アハハ……誉められるのは嬉しいけど、肉屋は関係ない気がする……
「さてと、私も行きますかっ」
パンッと両頬を叩き、気合いを入れた私は料理をお盆に乗せてそれぞれのテーブルへと向かう。
流石にお昼時の店内は忙しく、もうすぐ舞凛さんの知り合いが手伝いに来てくれる手はずになっているらしいが、まだその人は現れない。
そんな中、チャラそうな見た目をした男性客3人組が店にやって来た。
1人は耳や鼻に沢山ピアスを付けており、もう1人は両腕にタトゥーを入れ、最後の1人は赤髪で目を覆うほどの長さがある前髪を掻き上げ、店内を見渡している。

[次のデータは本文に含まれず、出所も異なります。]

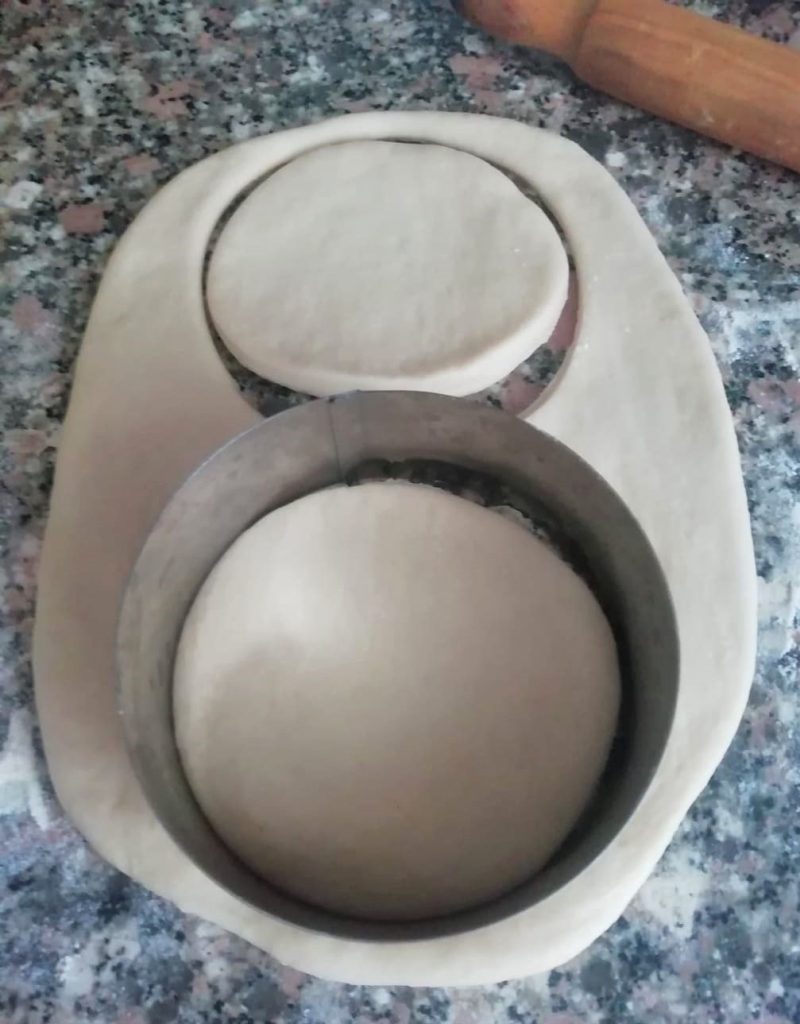 Pegue a massa fermentada e divida em 6 partes iguais. Enquanto prepara as brioches, mantenha os pedaços de massa cobertos, para que não sequem na superfície. Abra um pedaço com o rolo, depois com um cortador de massa de 10 cm de diâmetro, corte 2 discos iguais.

「うわっ、女子ばっかりじゃん。オレら場違いな感じ?」
「いいじゃん。周りが女の子ばっかりなんてナンパし放題じゃね?」
「お前それで成功した試しねぇだろー」
ゲラゲラと下品な笑い声が店内に響き、他のお客さんも遠巻きにそのグループへと視線を送る。
「いらっしゃいませ!3名様ですか?こちらにどうぞ」
百花ちゃんがその3人を他のお客さんとは少し離れた席に案内した。
「君可愛いね。中学生?」
「え?いや……高校生ですけど……」
3人の内の赤髪の男が百花ちゃんに声を掛ける。
「ごめんごめん。小さくて可愛いかったからさー。じゃあ、あっちの子も高校生?」
そう言って赤髪の男は私の方を指差した。
「何だよ、お前早速ナンパかよ?」
「お前年下が好みだもんなー」
「いいじゃん。あの手の大人しめな子はちょっと強引に押せば案外いけるもんなんだよ」
またしても下品な笑い声を上げ、3人はこちらを品定めするような目で見てくる。
っていうか普通に会話が全部聞こえてるんですけど!
貴方みたいなチャラ男にいくら言い寄られても、誘いに乗るわけないじゃん!
私はチャラ男達の話を聞かなかった事にして、接客を続ける。
「あの、お客様……店内でそのような行為はお控え願います。ご注文がないようでしたらお引き取りを……」
百花ちゃんが困ったようにチャラ男達に声を掛けるが、彼らの行動はヒートアップする一方だった。
「何?この店は気に入らない客が居たら追い出すの?」
「それはまずいんじゃない?動画撮ってSNSに上げちゃおうかなー」
ピアスの男が百花ちゃんに向かってスマホを向けて動画を撮り始める。
「ちょっと、やめて下さい!」
百花ちゃんが手で顔を隠し、嫌がる素振りを見せた。
それを見て私は咄嗟に百花ちゃんと男達の間に割って入る。
「何してるんですか!百花ちゃん、ここは私が変わるね」
「でも……純くんも今外に出てるし、何かあったら危ないよ」
百花ちゃんが私の腕を後ろに引っ張りながら、耳元で静かに抗議する。
「危ないのは百花ちゃんも一緒だし……百花ちゃんは一応舞凛さんに伝えて来てくれる?」
私がそう言うと百花ちゃんはしぶしぶ「分かった……」っとこの場を離れた。
「お待たせしました。ご注文はお決まりですか?」
私が改めてチャラ男達に向き直り、注文を聞くと、チャラ男達はさっきの事など無かったかのようにメニュー表に目を通す。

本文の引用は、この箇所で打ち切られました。